Industry Expert View: Tom Mason

Industry expert view: Tom Mason

Tom Mason, a dual qualified solicitor and costs lawyer, is a director at Civil and Commercial Costs Lawyers. Here, he shares his thoughts on how law firms can protect themselves against the unintended consequences of the whiplash reforms.

It has been almost 18 months since the implementation of the whiplash reform programme, which was introduced to target fraudulent claims and reduce motor insurance premiums. Looking at the initial data, it appears that the first goal has been achieved, with the Association of British Insurers recently reporting a 7% fall in the number of fraud cases. However, the unintended consequence of this has been the emergence of ‘cannibalism’ within the sector, with claimant lawyers now facing legal action from former clients alleging that they have been overcharged and requesting repayment of the costs deducted from damages.

A pro-active approach, a robust funding model and an effective settlement process are necessary if lawyers are to preserve access to justice for clients and protect themselves.

The government’s impact assessment predicted a loss of £80m in revenue for personal injury solicitors as a result of the whiplash reform programme but failed to take the loss into account in its overall calculations to assess the impact on the industry. The justification for the omission was that solicitors would replace it with other legal work of equivalent economic value. However, the government failed to provide any evidence to support the assertion which was widely criticised by the justice committee.

The subsequent search for work of equivalent economic value has led to the cannibalism mentioned above, with a satellite network of firms now developing to help former clients seek repayment of costs deducted from damages. The concern is that this work will not only be a catastrophe for access to justice, but simply transfer the problems associated with fraudulent whiplash claims from one area to another.

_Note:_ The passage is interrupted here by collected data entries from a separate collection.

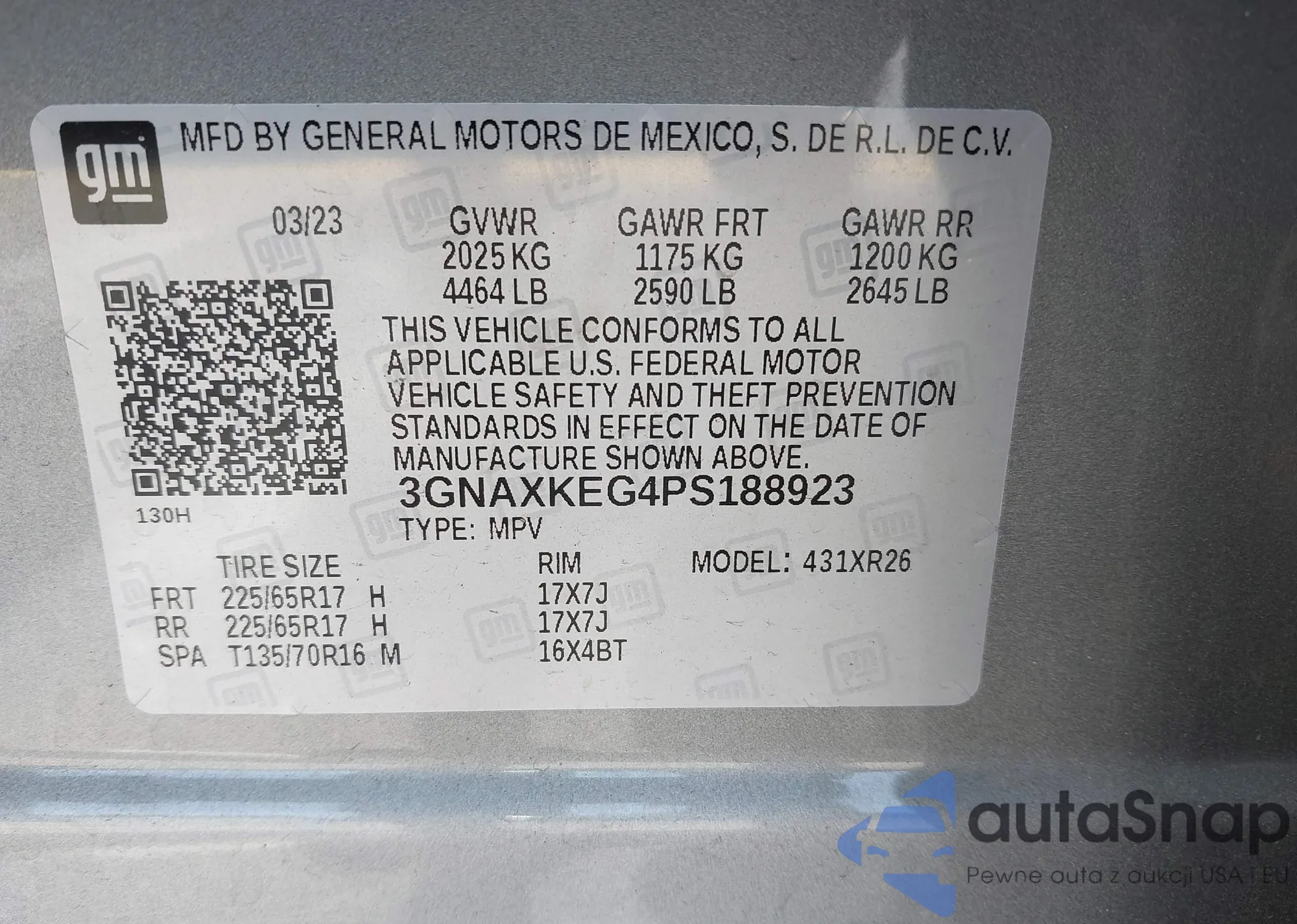 LOT: 42175892 VIN: 3GNAXKEG4PS188923
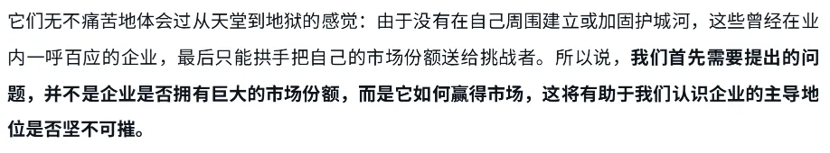 值得注意的是,护城河是动态的。新的技术、新的政策、资源流通等因素可能改变「价值创造与分配」的规则,让旧有的壁垒失效。
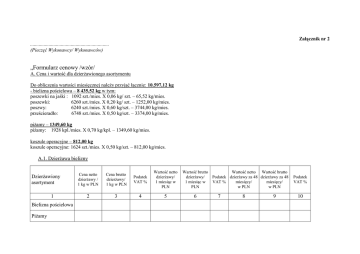 Załącznik nr 2 ................................................................ (Pieczęć Wykonawcy/ Wykonawców) „Formularz cenowy /wzór/ A. Cena i wartość dla dzierżawionego asortymentu Do obliczenia wartości miesięcznej należy przyjąć łącznie: 10.597,12 kg - bielizna pościelowa – 8 435,52 kg w tym: poszewki na jaśki : 1092 szt./mies. X 0,06 kg/ szt. – 65,52 kg/mies. poszewki: 6260 szt./mies. X 0,20 kg/ szt. – 1252,00 kg/mies. poszwy: 6240 szt./mies. X 0,60 kg/szt. – 3744,00 kg/mies. prześcieradło: 6748 szt./mies. X 0,50 kg/szt. – 3374,00 kg/mies. piżamy – 1349,60 kg piżamy: 1928 kpl./mies. X 0,70 kg/kpl. – 1349,60 kg/mies. koszule operacyjne – 812,00 kg koszule operacyjne: 1624 szt./mies. X 0,50 kg/szt. – 812,00 kg/mies. A.1. Dzierżawa bielizny Dzierżawiony asortyment 1 Bielizna pościelowa Piżamy Cena netto dzierżawy / 1 kg w PLN Cena brutto dzierżawy/ 1 kg w PLN Podatek VAT % Wartość netto dzierżawy/ 1 miesiąc w PLN Wartość brutto dzierżawy/ 1 miesiąc w PLN 2 3 4 5 6 Wartość netto Wartość brutto Podatek dzierżawy za 48 dzierżawy za 48 VAT % miesięcy/ miesięcy/ w PLN w PLN 7 8 9 Podatek VAT % 10 Koszule operacyjne Suma A.2. Cena usługi prania, naprawy, maglowania i transportu dla asortymentu dzierżawionego Dzierżawiony asortyment 1 Bielizna pościelowa Cena netto Cena brutto prania / prania / 1 kg 1 kg dzierżawionego dzierżawionego asortymentu asortymentu w PLN w PLN 2 3 Podatek VAT % Wartość netto prania dzierżawionego asortymentu / 1 miesiąc w PLN 4 5 Wartość netto Wartość brutto Wartość brutto prania prania prania Podatek dzierżawionego dzierżawionego dzierżawionego VAT % asortymentu /za asortymentu / asortymentu /1 48 miesięcy/ w za 48 miesięcy/ miesiąc w PLN PLN w PLN 6 7 8 9 Podatek VAT % 10 Piżamy Koszule operacyjne Suma B. Cena usługi prania, naprawy, maglowania i transportu dla bielizny będącej własnością Zamawiającego Do obliczenia wartości miesięcznej należy przyjąć 8 540 kg bielizny – Przedmiot zamówienia 1 Cena netto prania 1 kg bielizny w PLN Cena brutto prania 1 kg bielizny w PLN 2 3 Wartość netto Wartość Wartość netto Wartość prania brutto prania prania brutto prania Podatek Podatek bielizny / 1 bielizny/ 1 bielizny za 48 bielizny za 48 VAT % VAT % miesiąc w miesiąc w miesiący/ w miesiący/ w PLN PLN PLN PLN 4 5 6 7 8 9 Podatek VAT % 10 Bielizna będąca własnością Zamawiającego C. Łączna wartość oferty: Przedmiot zamówienia 1 Dzierżawa bielizny (tabela A.1) Pranie bielizny dzierżawionej (tabela A.2) Pranie bielizny będącej własnością Zamawiającego (tabela B) Wartość netto / 1 miesiąc w PLN Wartość brutto / 1 miesiąc w PLN Podatek VAT % Wartość netto za 48 miesięcy/ w PLN Wartość brutto za 48 miesięcy/ w PLN Podatek VAT % 2 3 4 5 6 7 Wartość łączna ..........................,dn.................... …………………………………………………… Podpisy wykonawcy lub osób upoważnionych do składania oświadczeń woli w imieniu wykonawcy
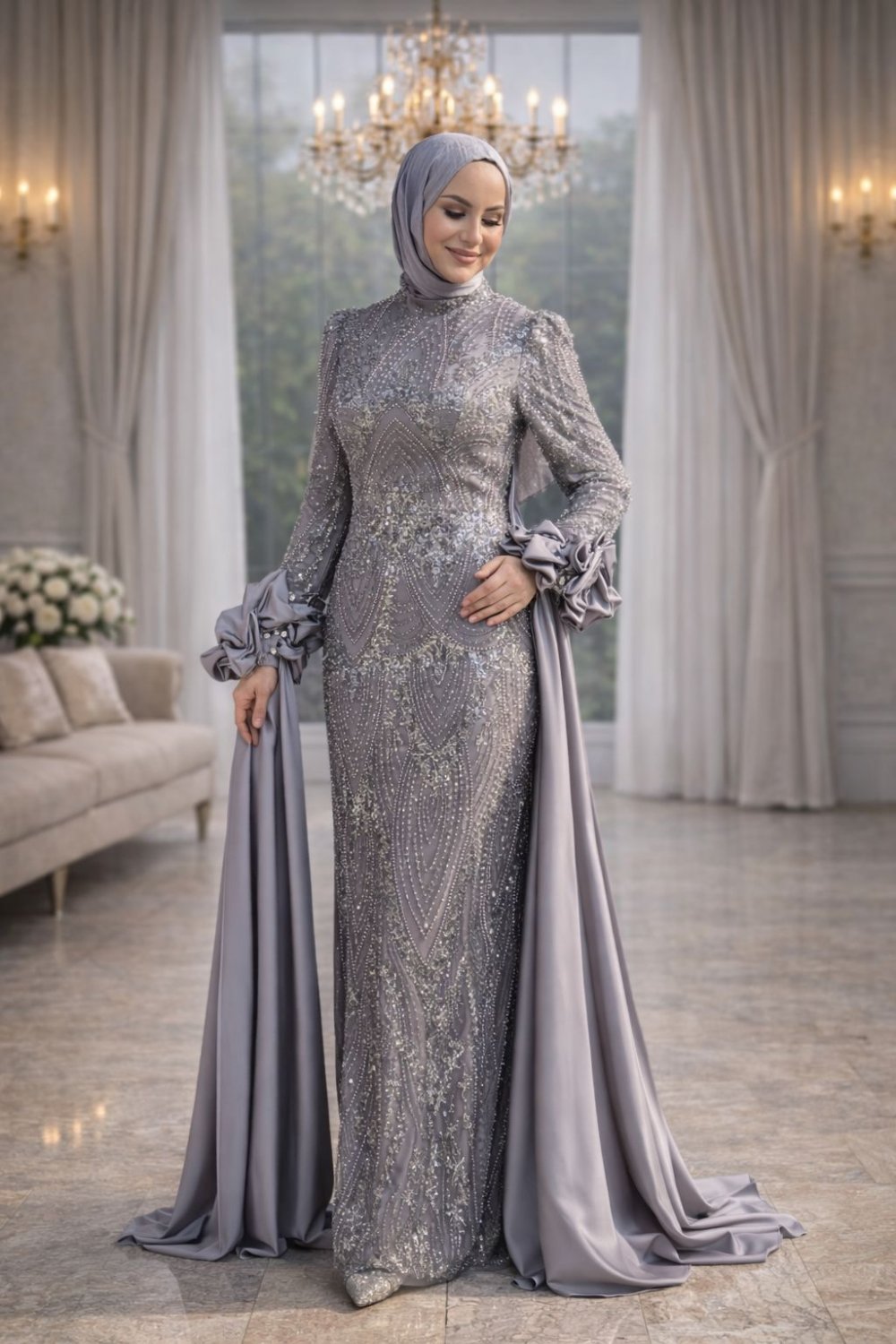 Işıltılı özel işleme detayları ve akışkan pelerin formu ile davetlerin en iddialı tasarımı.
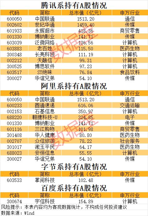 在A股市场上,11家公司前十大流通股东有“腾讯”这一关键词,其中大部分公司股东为林芝腾讯。从市值角度来看,中国联通、世纪华通等公司市值均超千亿元。
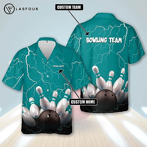 HOT ! LASFOUR Personalized Bowling Hawaiian Shirts for Men, Men's Bowling Button-Down Short Sleeve, Crazy Bowling Team Shirts
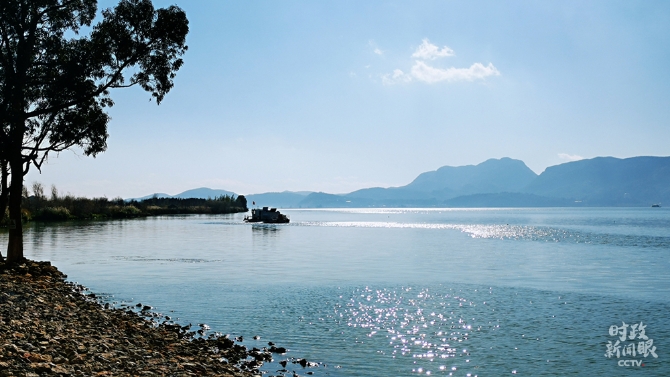 △日光下的滇池,波光粼粼。(總臺央視記者張曉鵬拍攝)
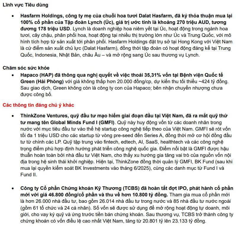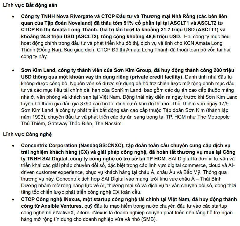 Trong tháng 9/2025, thị trường M&A Việt Nam ghi nhận 32 thương vụ với tổng giá trị công bố và ước tính đạt khoảng 762 triệu USD. Bất động sản, Logistic & Hạ tầng, sản xuất công nghiệp và hàng tiêu dùng tiếp tục là những lĩnh vực dẫn đầu cả thị trường.
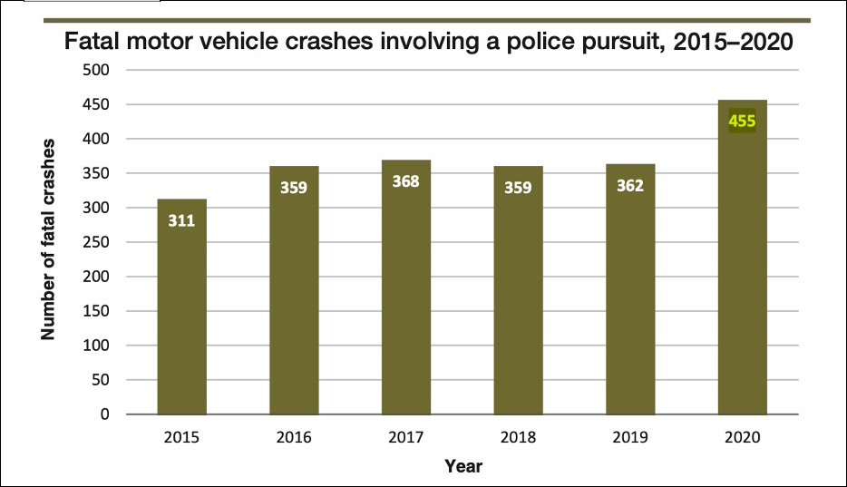 A DOJ report released last Tuesday found that police-involved crashes are on the rise across America, peaking at 455 in 2020 and prompting watchdogs to recommend that agencies adopt dozens of restrictions on when officers are allowed to reach deadly speeds. (It is not clear whether those stats include crashes that occur when a police officer is not in direct pursuit of a suspect, like Officer Dave, who was en route to a reported overdose when he struck Kandula.)
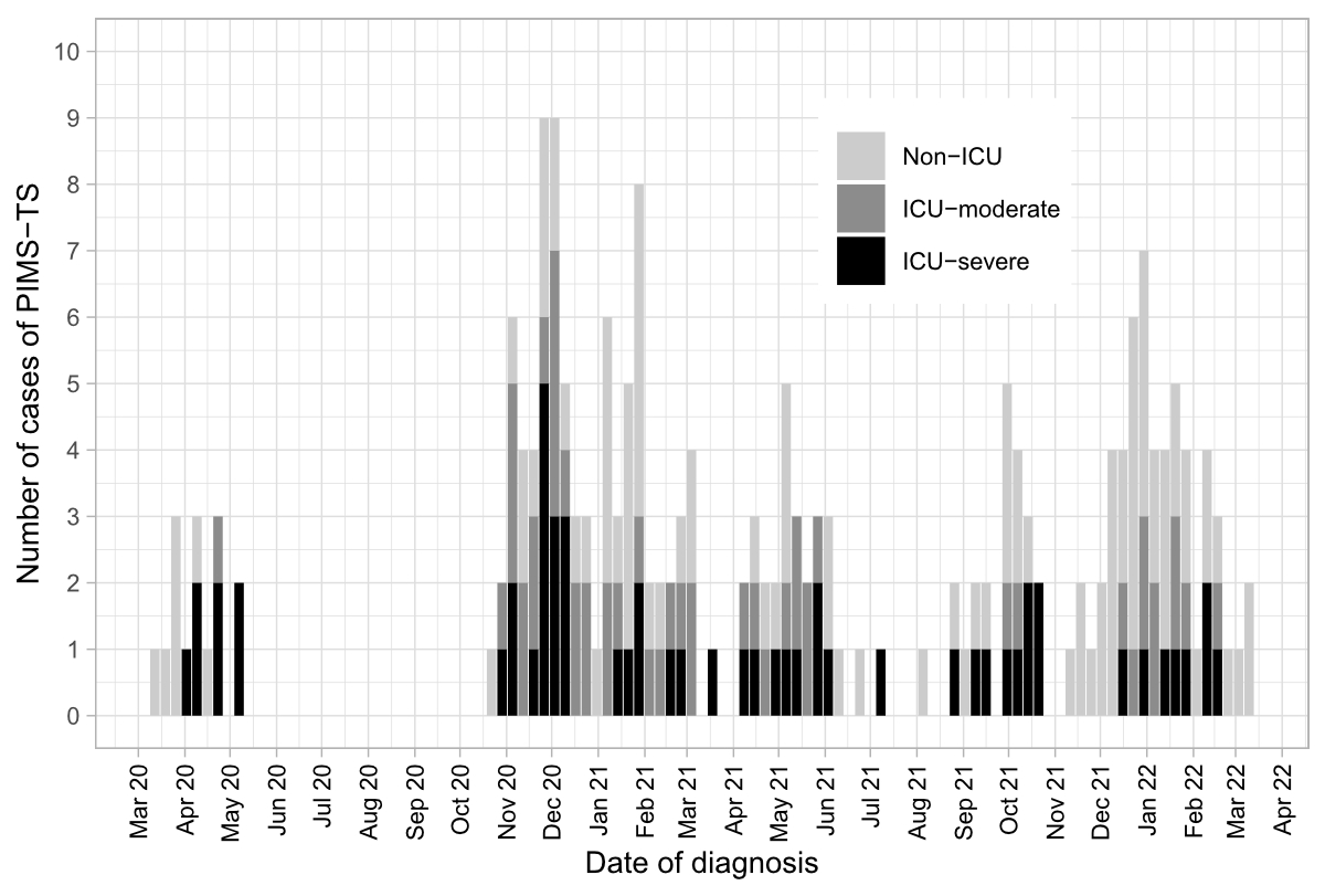 Figure 1Number of children with PIMS-TS according to ICU admission over time.
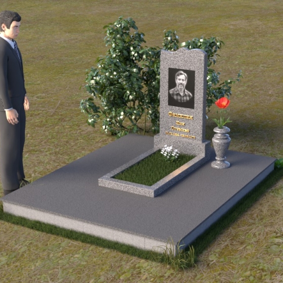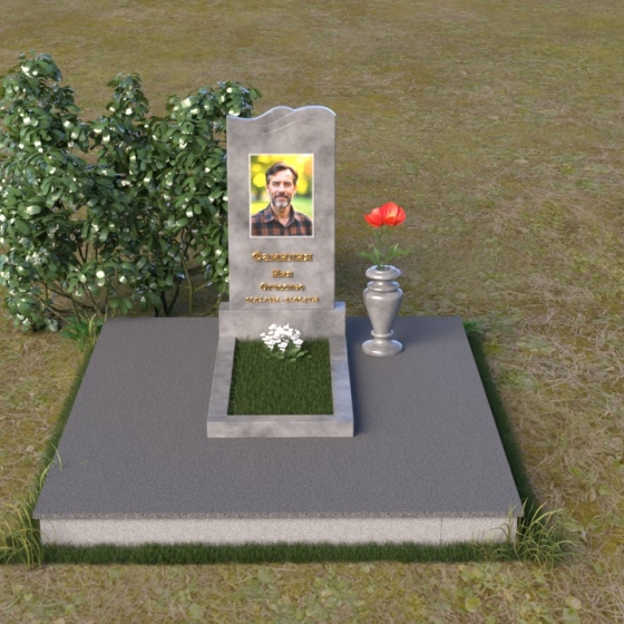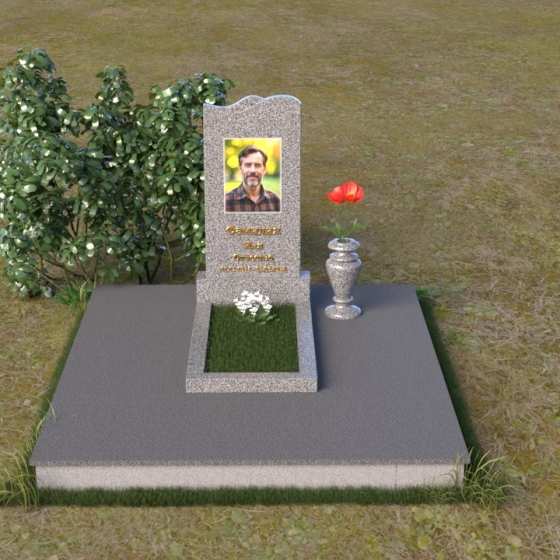 Этот гранитный монумент представляет собой вертикальную плиту с плавной, волнообразной линией верха, словно застывшая морская волна, несущая в себе покой и умиротворение. Боковые грани надгробного сооружения мягко скруглены, что придает ему изящный и завершенный вид. Верхняя часть памятника, обрамляющая портрет усопшего и памятную надпись, выполнена в строгом прямоугольном стиле, подчеркивая лаконичность и сдержанность дизайна. Нижняя часть памятника переходит в горизонтальную плиту, создавая единую композицию, гармонично вписывающуюся в окружающий ландшафт. Фаски по периметру обеих плит аккуратно сняты, что придает изделию дополнительную элегантность и законченность.

A pro-active approach to defend against repayment challenges will help practitioners ensure historic cases are not resurrected to threaten their current business model.

There are three options for a robust funding model:

  1. A conditional fee agreement (“CFA”) involves the client making a contribution to basic charges and a success fee if the claim is successful. A CFA provides a flexible funding model that allows practitioners to develop a sensitive approach to minor injuries. This innovation is facilitated by the CFA and determines whether or not the injuries will fall within the whiplash definition. The advantage is that a CFA can accommodate test litigation in these areas and align with a streamlined process for one agreement in all cases. The CFA must be explicitly clear in relation to the success fee, basic charges, hourly rates and estimates in order for the client to provide informed consent.
  2. A damages-based agreement (“DBA”) involves the client making a contribution from damages. The fixed tariff system for whiplash damages means practitioners have invested in technology and spend less time on individual cases. This may mean a CFA is unattractive for high volumes of cases in this low margin area. A DBA provides an alternative funding mechanism which achieves a fixed contribution from damages. There is also scope for further legislative reform involving the abandonment of the ‘Ontario’ model in favour of a ‘success fee’ model.
  3. A contingency fee agreement involves the client paying a contingency fee from damages if the case settles prior to litigation. This funding model is certain, clear and difficult for former clients to challenge the deduction from damages.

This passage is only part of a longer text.